__Exercise directions__
Transcribe the entries below exactly, starting with the line that has "b nicht von" and stopping after the line that has "May was purchased"; no pictures belong in the copy.

__Provided data__

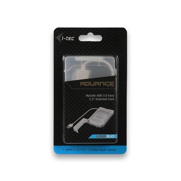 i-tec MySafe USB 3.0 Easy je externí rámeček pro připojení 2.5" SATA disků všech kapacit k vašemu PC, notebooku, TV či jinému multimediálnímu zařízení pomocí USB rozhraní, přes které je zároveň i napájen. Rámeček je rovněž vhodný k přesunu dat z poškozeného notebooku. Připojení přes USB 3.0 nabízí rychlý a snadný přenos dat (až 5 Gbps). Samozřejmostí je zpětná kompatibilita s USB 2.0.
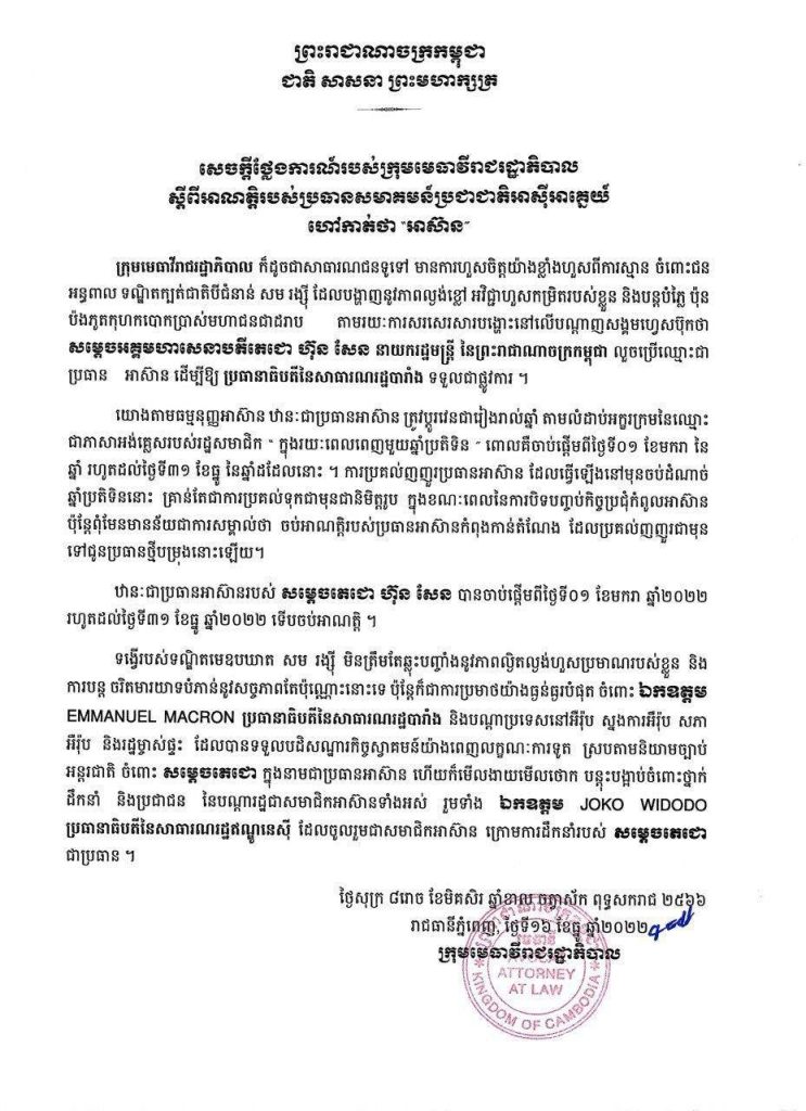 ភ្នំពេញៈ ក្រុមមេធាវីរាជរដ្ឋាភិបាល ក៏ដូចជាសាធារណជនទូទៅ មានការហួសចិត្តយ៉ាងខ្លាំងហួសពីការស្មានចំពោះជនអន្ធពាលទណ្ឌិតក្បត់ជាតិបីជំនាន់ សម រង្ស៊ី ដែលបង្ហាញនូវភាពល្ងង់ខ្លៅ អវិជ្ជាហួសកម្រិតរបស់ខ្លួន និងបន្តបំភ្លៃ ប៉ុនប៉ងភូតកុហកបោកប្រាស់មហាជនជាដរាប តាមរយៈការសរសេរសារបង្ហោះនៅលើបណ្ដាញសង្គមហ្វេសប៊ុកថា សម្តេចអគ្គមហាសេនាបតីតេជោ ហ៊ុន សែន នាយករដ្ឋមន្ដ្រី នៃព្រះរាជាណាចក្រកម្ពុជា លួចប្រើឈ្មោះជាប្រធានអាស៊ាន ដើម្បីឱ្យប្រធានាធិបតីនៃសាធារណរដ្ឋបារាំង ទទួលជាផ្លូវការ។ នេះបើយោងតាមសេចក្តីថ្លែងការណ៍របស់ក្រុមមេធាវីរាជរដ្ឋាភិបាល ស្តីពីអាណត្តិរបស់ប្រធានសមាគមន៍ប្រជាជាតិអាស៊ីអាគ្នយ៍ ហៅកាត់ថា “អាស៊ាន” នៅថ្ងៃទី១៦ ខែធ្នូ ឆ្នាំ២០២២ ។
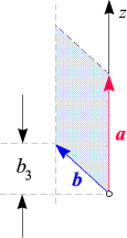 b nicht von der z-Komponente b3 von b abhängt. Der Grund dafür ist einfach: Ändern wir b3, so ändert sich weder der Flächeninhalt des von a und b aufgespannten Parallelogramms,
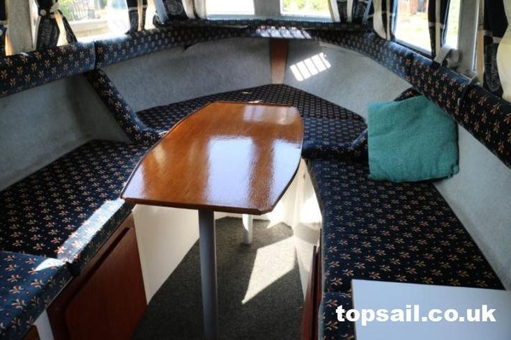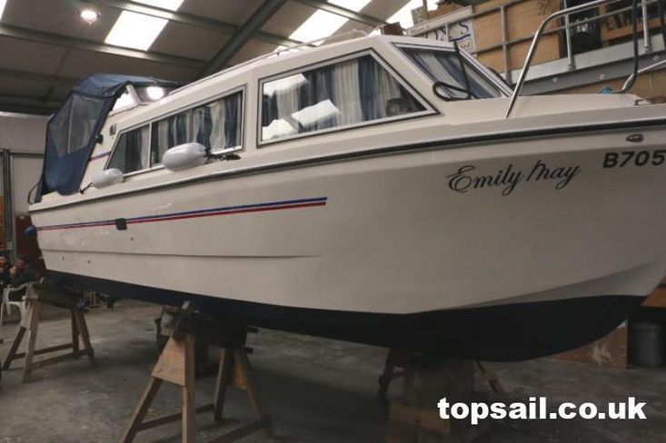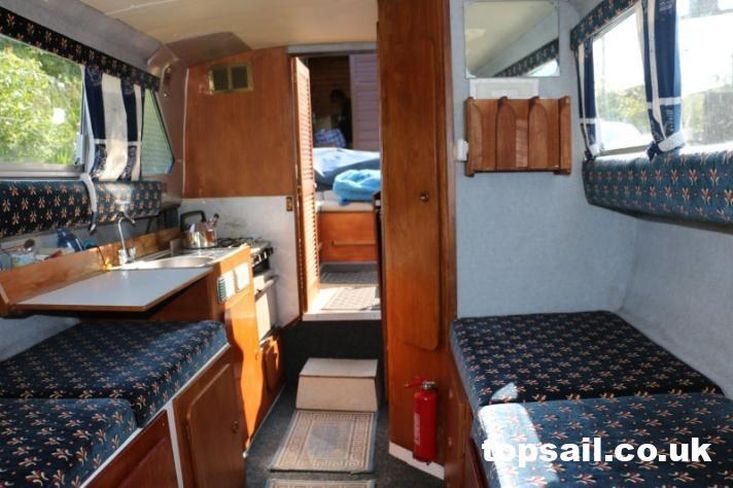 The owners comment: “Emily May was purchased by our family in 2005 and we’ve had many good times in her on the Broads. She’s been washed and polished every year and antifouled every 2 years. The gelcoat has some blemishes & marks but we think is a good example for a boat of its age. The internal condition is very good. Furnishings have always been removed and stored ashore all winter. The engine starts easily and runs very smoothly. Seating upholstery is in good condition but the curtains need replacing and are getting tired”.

--

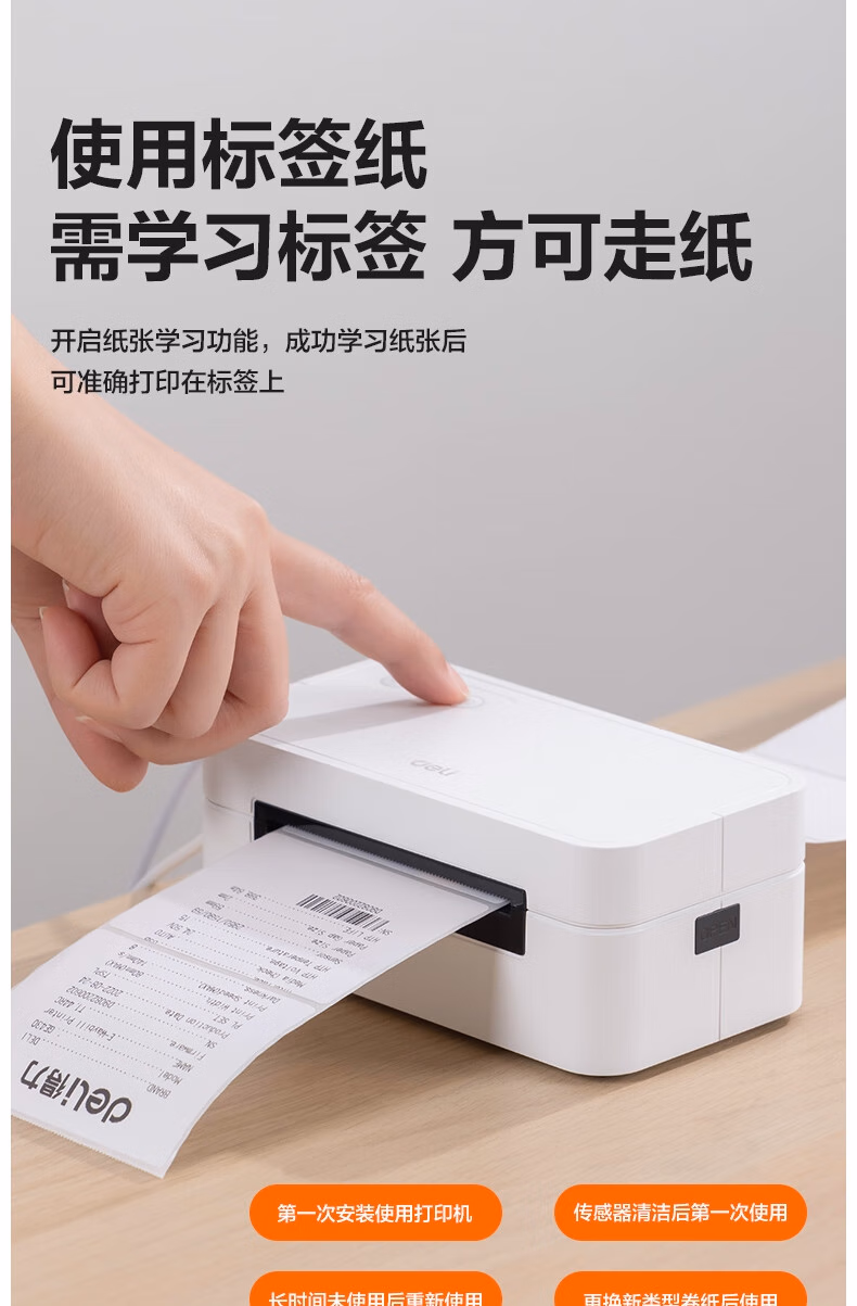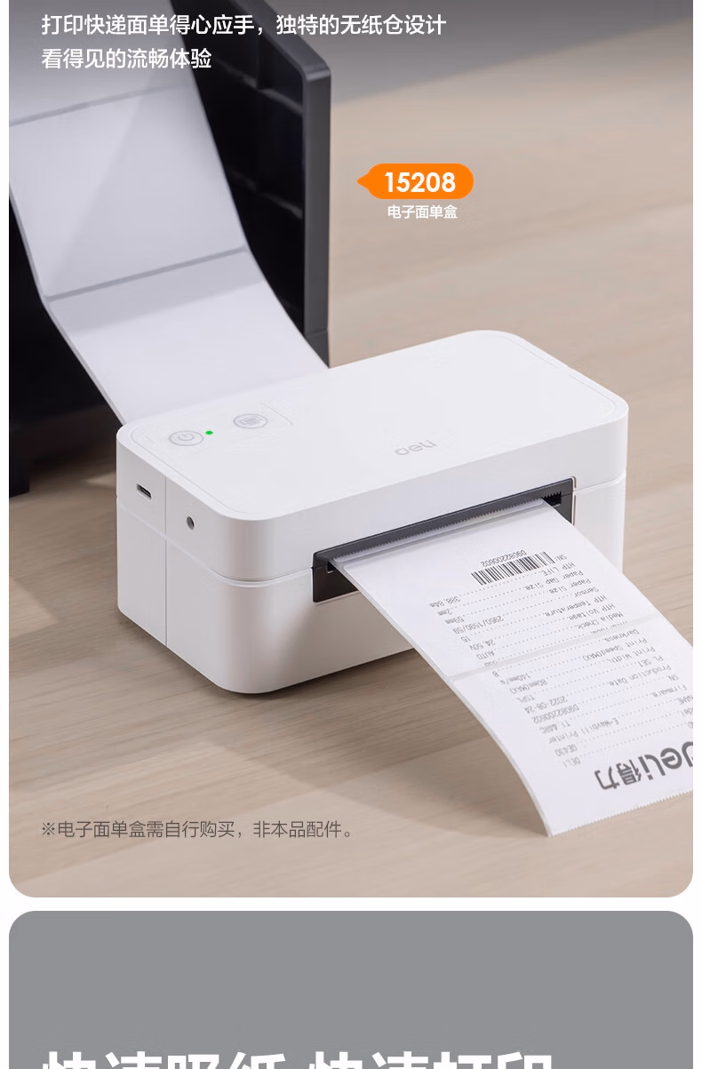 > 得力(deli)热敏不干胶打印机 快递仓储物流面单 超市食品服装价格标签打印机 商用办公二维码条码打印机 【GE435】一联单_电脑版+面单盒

__Solution to this exercise__
 b nicht von der z-Komponente b3 von b abhängt. Der Grund dafür ist einfach: Ändern wir b3, so ändert sich weder der Flächeninhalt des von a und b aufgespannten Parallelogramms,
 The owners comment: “Emily May was purchased by our family in 2005 and we’ve had many good times in her on the Broads. She’s been washed and polished every year and antifouled every 2 years. The gelcoat has some blemishes & marks but we think is a good example for a boat of its age. The internal condition is very good. Furnishings have always been removed and stored ashore all winter. The engine starts easily and runs very smoothly. Seating upholstery is in good condition but the curtains need replacing and are getting tired”.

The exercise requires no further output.